If an air of affable eccentricity hovers over the Ledge, Daniel Johnston is a more disturbing business entirely. Clearly fragile, he is a manic depressive whose songs are not so much tales of unrequited love as the nihilistic, obsessive poems of a troubled outsider, such as The Spook, a most aggressive plea for tolerance. A tubby figure dressed in a baggy T-shirt, sweatpants and what appear to be carpet slippers, Johnston plays wholly solo, aided only by a guitar and a lectern. His voice is that of a man much older than his 41 years. It cracks occasionally, but has the plaintive resonance of Nick Heyward or Stephen Duffy.
Mercifully, though, Johnston is not a freak show. His songs are conventionally structured and he has a real flair for melody. Mind Contorted and Casper the Friendly Ghost have dainty tunes, while the despondent Life in Vain trundles along in the merry manner of His Latest Flame.

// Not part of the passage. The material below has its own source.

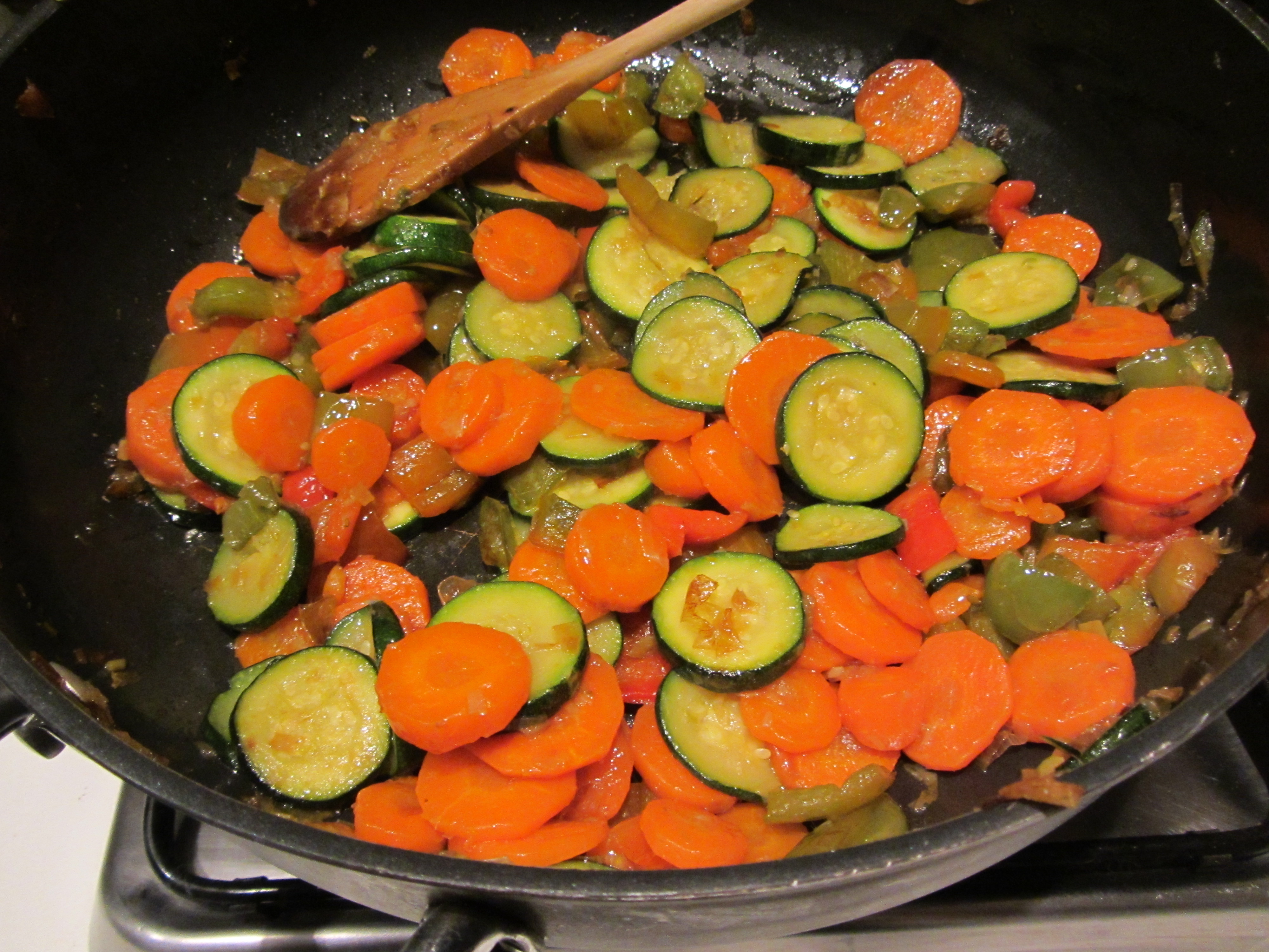 Aggiungere le carote e continuare la cottura, eventualmente salando leggermente.

While Johnston the songwriter needs careful nurturing, clearly Johnston the man could also do with a little assistance. Eventually his equilibrium is disturbed by a gaggle of insensitive buffoons loudly demanding his best-known song, Speeding Motorcycle ("I'm sorry, I don't have that one with me"). The set climaxes with a downbeat cover of Live and Let Die before a brief encore. The applause then is rapturous, but for Johnston it's too late. Although less than an hour has passed, he is gone for good.